> Task objective:
Your copy should repeat the data that follows exactly and contain no image.

> Collected material:
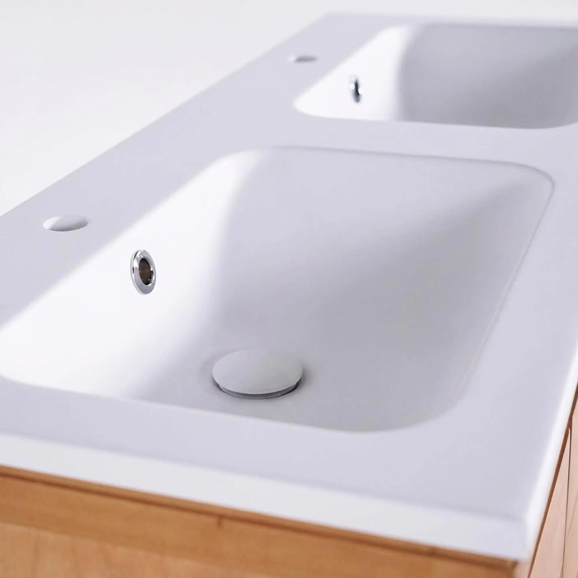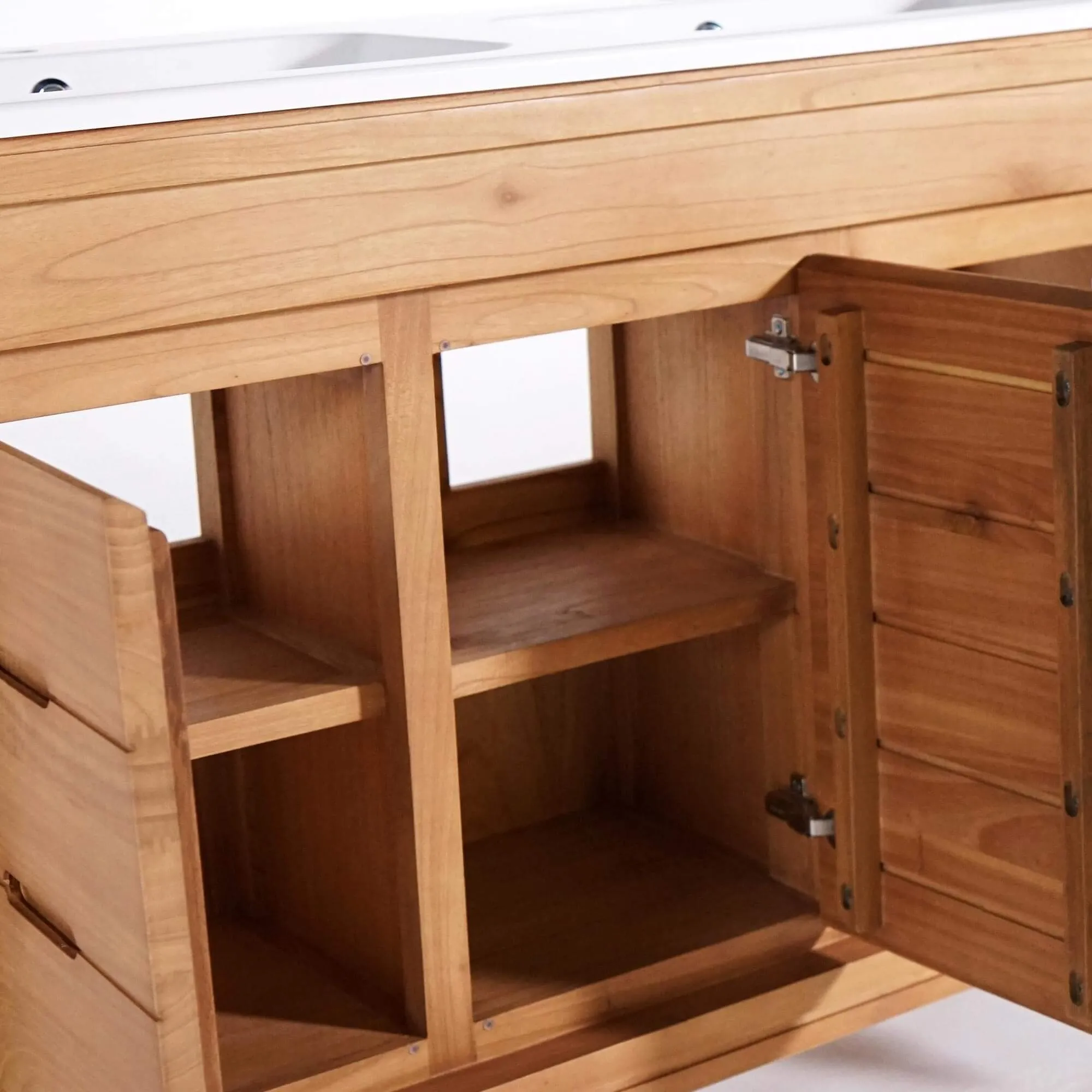 Réalisé en bois massif de mindi, soigneusement sélectionné pour sa stabilité et son grain délicat, ce meuble de salle de bain double vasque en bois massif, blanc mat, révèle une texture chaleureuse au toucher et une teinte naturelle qui capte subtilement la lumière. Chaque panneau, chaque assemblage témoigne d’un travail artisanal précis, que nous avons voulu visible mais discret. Le plateau en céramique blanc mat, destiné à accueillir deux vasques, apporte un contraste lumineux et renforce l’impression de calme et de clarté propre aux intérieurs contemporains.
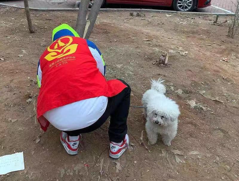 “我们赶到现场时,这只白色小比熊犬正被绳子拴在树上,旁边扔着一袋狗粮。小家伙明显是刚刚遭到主人遗弃,还不时左顾右盼,期盼主人能回来把自己接走。”“花花”说,更令大家心酸的是:当他抱起小狗时,小家伙突然开始后腿直立,用两只前爪不停地向志愿者们作揖拱手,仿佛在祈求收养,又像是在向志愿者致谢。
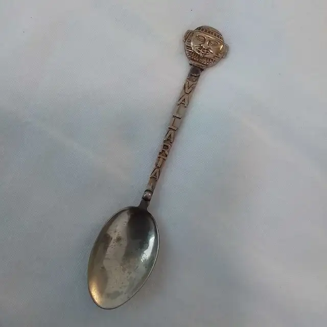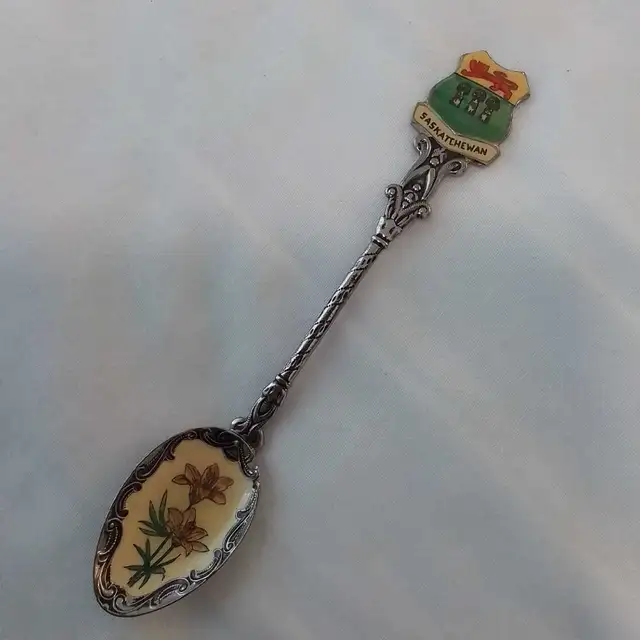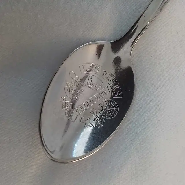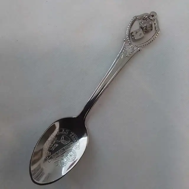 (1) Inca spoon. Vallarta. Nice design. Marked Mexico Alpaca (2) Saskatchewan enamel. Marked Czechoslovakia. Beautiful design (3) Las Vegas golden strip (2 hanging dice). Like new

> Answer to this task:
 Réalisé en bois massif de mindi, soigneusement sélectionné pour sa stabilité et son grain délicat, ce meuble de salle de bain double vasque en bois massif, blanc mat, révèle une texture chaleureuse au toucher et une teinte naturelle qui capte subtilement la lumière. Chaque panneau, chaque assemblage témoigne d’un travail artisanal précis, que nous avons voulu visible mais discret. Le plateau en céramique blanc mat, destiné à accueillir deux vasques, apporte un contraste lumineux et renforce l’impression de calme et de clarté propre aux intérieurs contemporains.
 “我们赶到现场时,这只白色小比熊犬正被绳子拴在树上,旁边扔着一袋狗粮。小家伙明显是刚刚遭到主人遗弃,还不时左顾右盼,期盼主人能回来把自己接走。”“花花”说,更令大家心酸的是:当他抱起小狗时,小家伙突然开始后腿直立,用两只前爪不停地向志愿者们作揖拱手,仿佛在祈求收养,又像是在向志愿者致谢。
 (1) Inca spoon. Vallarta. Nice design. Marked Mexico Alpaca (2) Saskatchewan enamel. Marked Czechoslovakia. Beautiful design (3) Las Vegas golden strip (2 hanging dice). Like new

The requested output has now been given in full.